This repository contains the models used in the paper: Improving WaveWatchIII Hindcasts with Machine Learning currently under review in Coastal Engineering.

1. Model architecture

Three models are architectures are available:

a) MLPPAR

Multilayer Perceptron (MLP) trained using integrated wave parameters (Hm0, Tm01, Tm02, Dm, Spd) and wind (U10, V10) as inputs.

b) MLPSPC

Multilayer Perceptron (MLP) trained using the flattened wave spectrum as input.

c) CNNSPC

Convolutional Neural Network (CNN) based on the VGG16 architecture and using the wave spectrum in two-dimensional form.

The neural nets look something like this:

2. Training

Make sure to clone the repository, and be in the same location as the code, then create a conda environment with this command:

conda env create -f env.yml

Make sure to have this environment activated while running the provided scripts. Only Linux is supported.

The training data is to heavy to be hosted by Github. Please use this link to download it. The train.py script will automatically download data for you.

Open In Colab | Jupyter Notebook

Training the models is done using the same script: train.py. For help, do:

python train.py --help

Updating a pre-trained the model can be done by following the example: train_and_update.py. For help, do:

Options are (click to expand):
  • -i, --data: Input data (.csv).

  • -m, --model: Model name.

  • -t, --type: Model type. Possible choices are: cnn_spectral, mlp_parametric or mlp_spectral.
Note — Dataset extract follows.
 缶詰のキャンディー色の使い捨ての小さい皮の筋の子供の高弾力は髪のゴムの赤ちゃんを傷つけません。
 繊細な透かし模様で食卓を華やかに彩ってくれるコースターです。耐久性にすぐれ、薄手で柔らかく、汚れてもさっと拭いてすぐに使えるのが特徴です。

  • --logdir: Logging directory for Tensorboard.

  • --random-state: Random state. Used for reproducibility.

  • --test-size: Test set size. Default is 0.3.

  • --layers: Number of layers for MLP models. Default is 3.
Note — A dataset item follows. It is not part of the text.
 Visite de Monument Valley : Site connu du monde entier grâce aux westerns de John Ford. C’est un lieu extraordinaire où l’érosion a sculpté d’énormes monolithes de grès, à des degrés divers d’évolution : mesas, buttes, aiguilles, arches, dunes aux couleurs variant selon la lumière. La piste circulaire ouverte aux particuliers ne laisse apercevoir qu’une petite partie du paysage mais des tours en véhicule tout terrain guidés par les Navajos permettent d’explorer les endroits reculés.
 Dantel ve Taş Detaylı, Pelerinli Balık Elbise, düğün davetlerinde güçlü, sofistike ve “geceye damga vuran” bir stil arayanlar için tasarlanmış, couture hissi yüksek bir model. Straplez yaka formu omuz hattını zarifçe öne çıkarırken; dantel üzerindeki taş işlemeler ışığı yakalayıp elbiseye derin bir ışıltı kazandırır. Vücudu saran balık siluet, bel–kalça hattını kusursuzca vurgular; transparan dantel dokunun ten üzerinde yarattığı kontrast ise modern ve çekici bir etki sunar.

  • -neurons: Number of neurons per layer for MLP models. Default is 256.

  • --learning-rate: Learning rate for ADAM. Default is 10E-6.

  • --dropout: Dropout rate. Default is 0.25.

  • --epochs: Number of training epochs. Default is 128.

  • --batch-size: Batch size. Default is 2048.

  • --stratify: Use class stratification (by location name). Default is True.

  • --input-size: 2d-spectrum size for CNN models. Default is 32x24.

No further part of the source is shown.